Ein halbes Jahrhundert lang ist Jean-Luc Godard für ein freies, assoziatives, sich seiner Geschichte bewusstes und buchstäblich vor-bildliches Kino eingetreten. Ist er verbittert über die Entwicklung des Mediums, über die kommerziellen Bilderfluten unserer Zeitläufte? Ein wenig schon. Dennoch ist er immer noch der treueste, wackerste, tapferste, klügste, sarkastischste - und vielleicht auch unbequemste - Verbündete des Kinos.
"Das Kino erlaubt uns immer noch, uns zu streiten. Und zwar ganz grundsätzlich. Man ärgert sich über gegensätzliche Meinungen viel mehr, als wenn es um ein Gemälde oder ein Musikstück geht. Man bekommt sofort starke Reaktionen. Zum Beispiel, wenn ich zu jemandem sage: ‚Es wundert mich überhaupt nicht, dass dir der neue Film von Robert Redford gefällt, ich wusste schon immer, dass du blöd bist.'"

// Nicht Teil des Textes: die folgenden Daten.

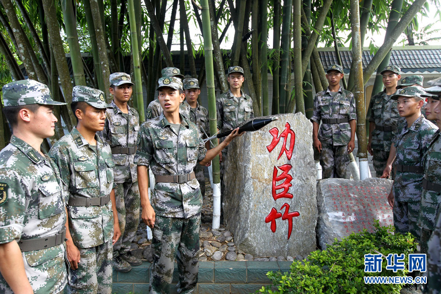 广西军区某边防团十连官兵在“功臣竹”前讲述连队历史。刘金鹏 摄

In diesem Jahr lief Godards Kinoessay "Socialisme" auf den Filmfestspielen von Cannes. Ein Parcours durch die großen Menschheitsfragen, die Ursachen des Totalitarismus, die Globalisierung, den Massentourismus. Ein Film, der statt zu antworten immer neue Fragen aufwirft. Gedreht von einem Regisseur, der im wahrsten und schönsten Sinne des Wortes ein Seher ist:
"Am besten arbeite ich, wenn ich in meinem Sessel döse. Ich versuche die Dinge zu sehen. Mit geschlossenen Augen. Denn mit offenen Augen sieht man nicht dasselbe. Was mit der Kamera passiert ist ja auch so: Man nutzt die offenen Augen, um mit geschlossenen Augen zu sehen."